# Photo of a kite



## chubri777 (Aug 11, 2005)

This kind will fly by itself, no string needed.
White-tailed Kite


----------



## baitkiller (May 21, 2004)

Beautiful bird! Nice photo.


----------



## MichaelW (Jun 16, 2010)

Neat birds, love the look in its eyes.


----------



## william gibbs (May 12, 2007)

Beautiful Pic. Such a pretty bird.


----------



## Arlon (Feb 8, 2005)

Nice Kite pic. I don't think I've ever seen one perched before. We tons of them flying around the neighborhood but never see then static..


----------



## coup de grace (Aug 7, 2010)

*Nice..*


----------



## Fisher Lou (May 16, 2005)

Great photo. That one is on my wish list.

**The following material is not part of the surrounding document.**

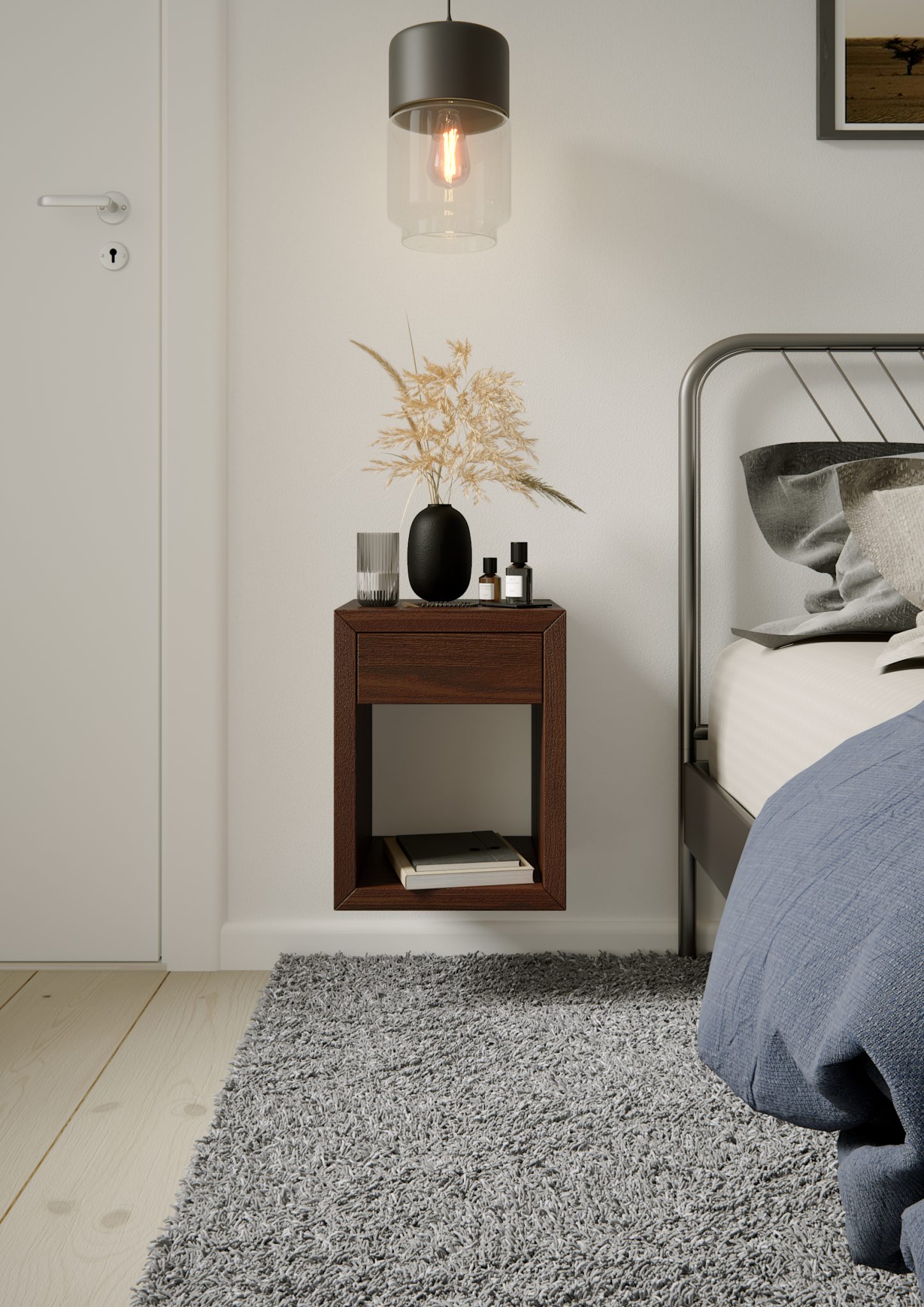 Mit den praktischen Maßen von H 39 cm x B 30 cm x T 30 cm bieten diese Nachttische vielseitige Platzierungsmöglichkeiten. Die inneren Schubladenmaße von H 6 cm x B 21,5 cm x T 22,5 cm bieten ausreichend Platz, um persönliche Gegenstände diskret zu verstauen. Ob Sie sich für eine bodenstehende Einheit entscheiden oder eine Wandmontage bevorzugen, diese Nachttische passen sich nahtlos Ihren Vorlieben und Platzbeschränkungen an.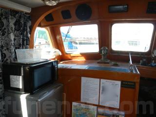 巡航速度10ノット、最高速度12ノットです。燃料タンク容量は1324リッター清水タンク容量は832リットルです。

I see them from time to time flying low in my neighborhood but never seem to get a good pic.


----------



## SEA PRO 210 (Jun 11, 2004)

*Beautiful!*

We always called them Locust Birds when we were kids. They seemed to show up in the late summer/fall every year...


----------



## huntmaster58 (Oct 1, 2008)

Neat bird and Pic, congrates!


----------



## Teamgafftop2 (Nov 27, 2010)

Beautiful!


----------